Hurricane Katrina was one of the deadliest natural disasters ever to confront the United States; at least 1,836 people lost their lives as a result of the storm and subsequent flooding. Katrina was also the costliest hurricane in American history, with estimated damages exceeding $80 billion. Amid the scenes of death and devastation emanating from New Orleans, grave questions regarding the lack of preparedness on the part of state, local, and federal agencies immediately surfaced and continue to the present day.
Yet amid the controversies that have unfolded in the wake of Katrina, and the discussion regarding the steps necessary to lessen the impact of future disasters, several success stories have emerged.
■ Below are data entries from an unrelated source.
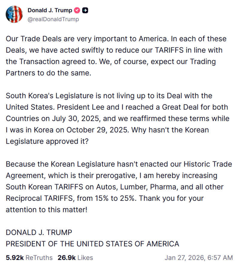 트럼프 대통령은 최근 자신의 소셜미디어 트루스소셜(Truth Social)에 올린 글을 통해 “미국은 무역 합의에 따라 관세를 신속히 인하해 왔으며, 교역 상대국도 같은 조치를 취해야 한다”고 밝혔다. 이어 “한국 입법부가 미국과의 합의를 지키지 않고 있다”며 자동차, 목재, 의약품을 포함한 모든 상호관세를 15%에서 25%로 인상하겠다고 언급했다.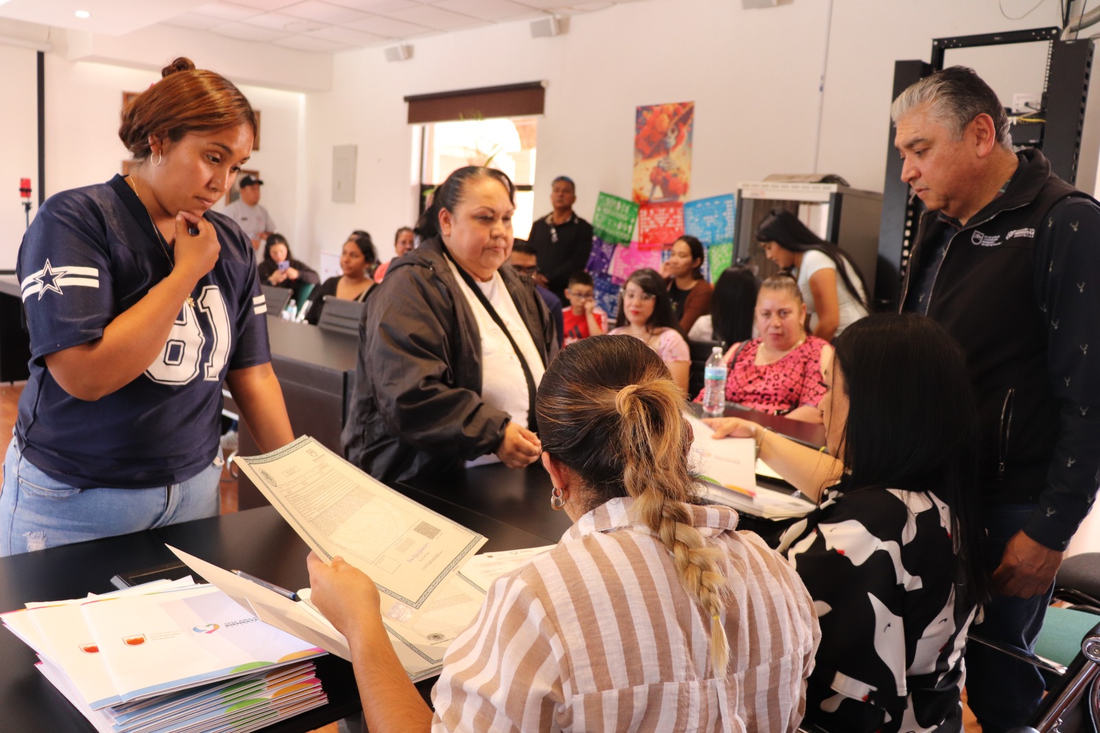 En este municipio se hizo la entrega simbólica de 21 de los 66 documentos, como parte de la política pública del Gobierno estatal, de atención al zacatecano migrante y sus familias, que tramitaron gratuitamente para niños y niñas nacidos en Texas, Oklahoma, Wisconsin, California, Norte de Carolina, Colorado, Illinois y Venada, en Estados Unidos (EEUU).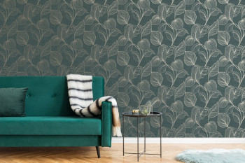 Smaragdgrüne Vliestapete mit dezenten Bronzereflexen. Metallisches Design aus hellgoldenen Blättern.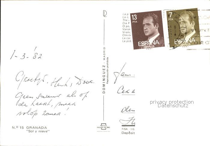 old postcard Granada Andalucia mit Burg im Winter postalisch gelaufen Erhaltung siehe scans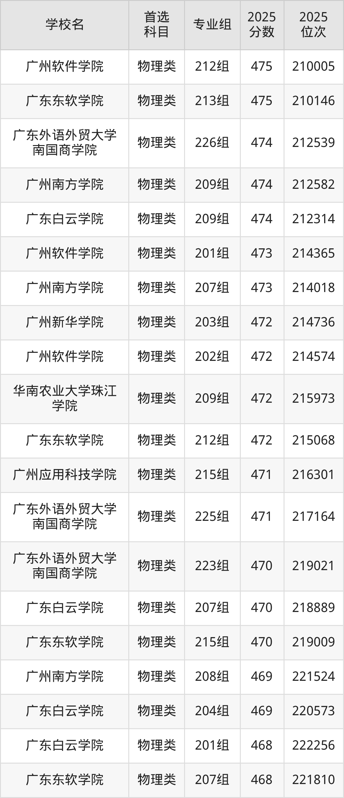 2025年一共有25所民办本科在广东物理类招生,包含了176个专业组,录取分数线从436分到589分不等,对应最低位次从276431名到35286名。下面分别展示广东省分数线最高、最低的五个院校专业组。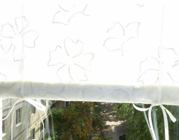 Подворачиваем снизу рулончиком шторку и подвязываем бантиками.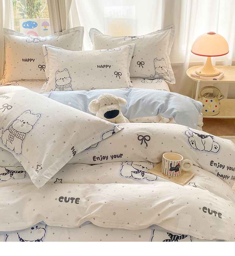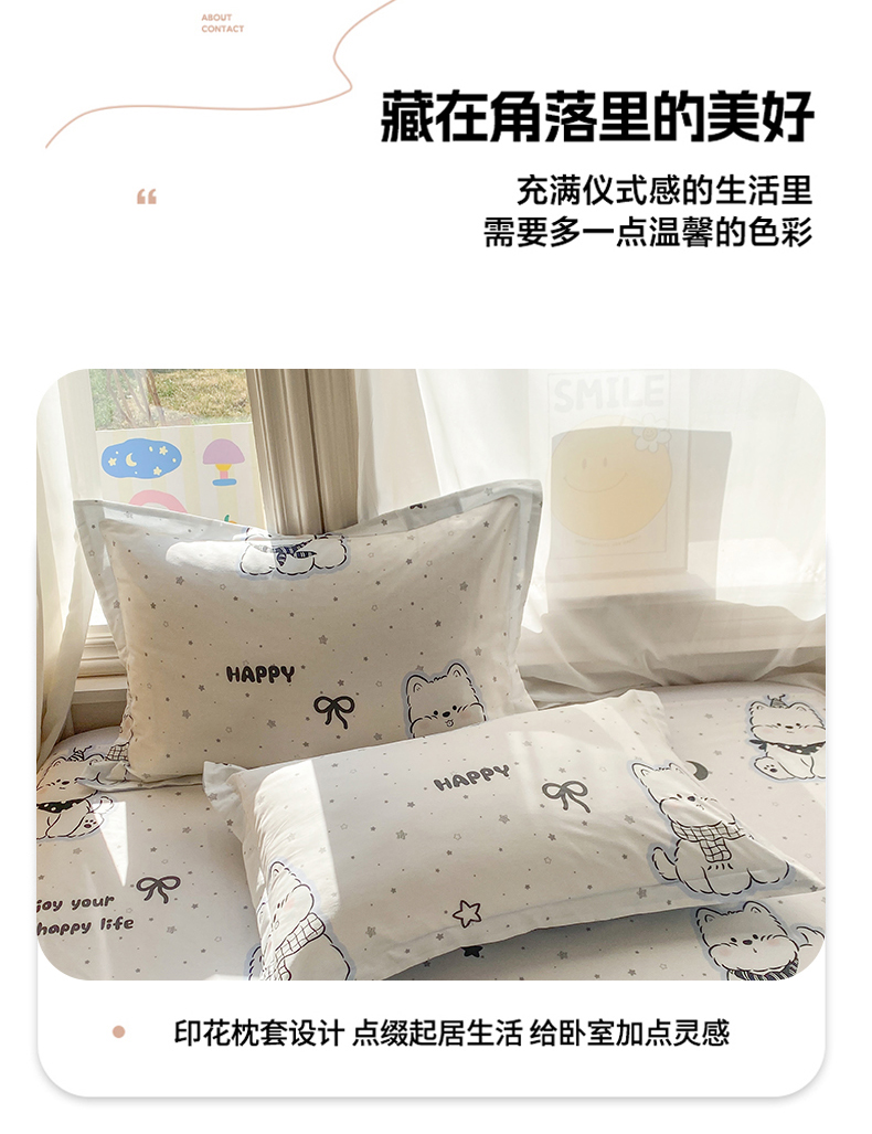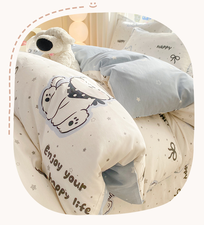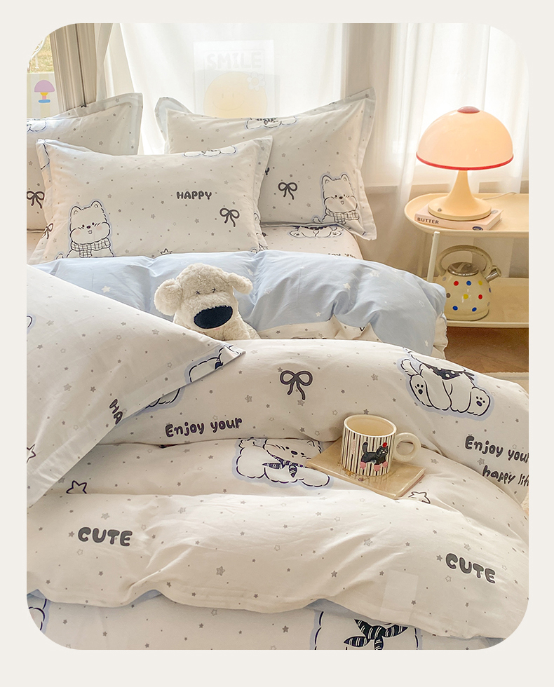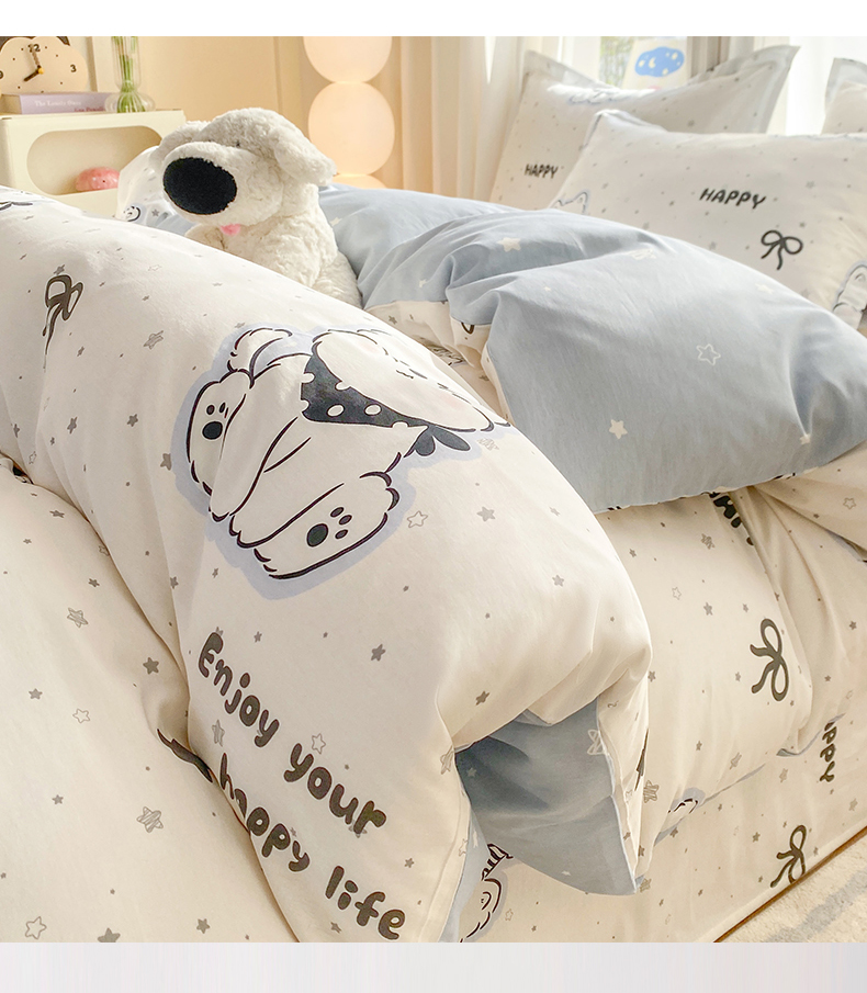 当前位置: 91家纺网 > 商品网购 > 床品套件 > 四件套 > 全棉普通四件套 > 朵安家纺 2026春夏新款12868全棉纯棉斜纹印花四件套 松糕小狗

One of these involves the mission-critical computer systems used by the Naval Reserve Forces Command (the Reserve Component of the U.S. Navy), many of which were based in and around New Orleans. Thanks to a rigorous program of planning and testing on the part of the Navy Reserve's IT professionals, the systems were switched over to backup mode without affecting service delivery to the thousands of personnel who access these resources daily.
The power of planning—and practice
The Navy Reserve's computer systems house a broad range of tactical, financial, medical, and logistical information related to the activities and deployment of 125,000 Reservists. System capabilities range from a payroll application, to an order-writing system that generates active duty and training orders, to medical data documenting reservists' medical readiness. Other applications range from the official Navy Reserves website to a system for tracking cargo and passenger transport. These applications are accessed thousands of times daily by officers responsible for deploying and supporting reservists, who request, approve, and print their orders 24/7 from everywhere in the world.
According to Captain Sam Sumwalt, Deputy Chief of Staff for Information Technology and Chief Technology Officer for the Naval Reserve Forces Command, "If our systems go down, our reservists simply can't provide the operational support that their commanding officers require. For example, just one of our applications is used to generate several hundred thousand sets of active duty orders each year," he says. Having around-the-clock access to this data is essential in the post-9/11 world, where reservists may need to be deployed virtually anywhere on short notice—from Iraq and Afghanistan to U.S.-based assignments.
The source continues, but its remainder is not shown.